Thursday, May 31, 2007
Ashes, the rain and I
Ashes, the rain and I.
Not as quick as I’d like to be, not so vigorous, knowing and understanding that my motor is running down but not accepting it. Oily fish and garlic might do the trick, beans pulses and rhetoric, saunas and brisk walks.
Having the appetite but not the stomach, having the desire but not the muscle. Rain blows in your face and the sun plays aging games and autographs your skin with the fine lines of experience.
Healing takes more time, scabs live a little longer on the dead skin, hacks and rubbed areas and abrasions, moles and spots to irritate and make a messy road map across your back.
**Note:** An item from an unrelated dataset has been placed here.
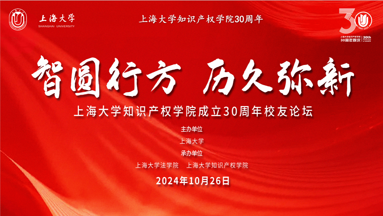 三十而立,向新而行。10月26日,由上海大学主办,上海大学法学院、知识产权学院承办的“智圆行方 历久弥新——上海大学知识产权学院成立30周年校友论坛”在宝山校区图书馆报告厅举办。本次论坛通过回顾历史、展望未来,深入剖析知识产权教育领域的演进趋势与未来方向,共绘知产学院未来发展的美好蓝图。上海大学党委书记成旦红,中国知识产权研究会副理事长、上海市知识产权研究会理事长单晓光,上海大学知识产权学院名誉院长陶鑫良,上海知识产权法院原审判委员会专职委员陈惠珍和上海市政协常委、首届“东方大律师”、上海市协力律师事务所创始人游闽键等领导和嘉宾出席论坛。

Thin hair that doesn’t quick know how to behave despite its certificated age and is of no particular colour you’d recognise. White pepper and exposed patches from annoying patterns.
Having seen it all before you should know the script by now but are none the wiser. Ink stains masquerading as writings and signatures, dates and times and places where weeds grow well.
Peering into newspapers and books, all print is small print and the other drivers are all going too fast and taking risks I’d never take. You say.
Fiddling with things and packets that will neither open nor work. Designed and bar coded only to be sold, no real or actual use is ever intended. You’d have to be able to understand the instructions to do that.
Silly joyful giggles and looking back but finding things were not that funny and nobody really got the joke. What were we all laughing at in those black and white and mono days? The heads are down.
A thunderstorm breaks some where overhead and close by. I lay down, my face turned to the grey clouds and the white, bright rain. Water pounds my face and closed eyes, closed eyes remembering inside, the hurts are all healed now and the plots concluded and resolved. There was no conspiracy; there was no plan or twist. This is it, alone in the rain. The ashes. The way it should all be.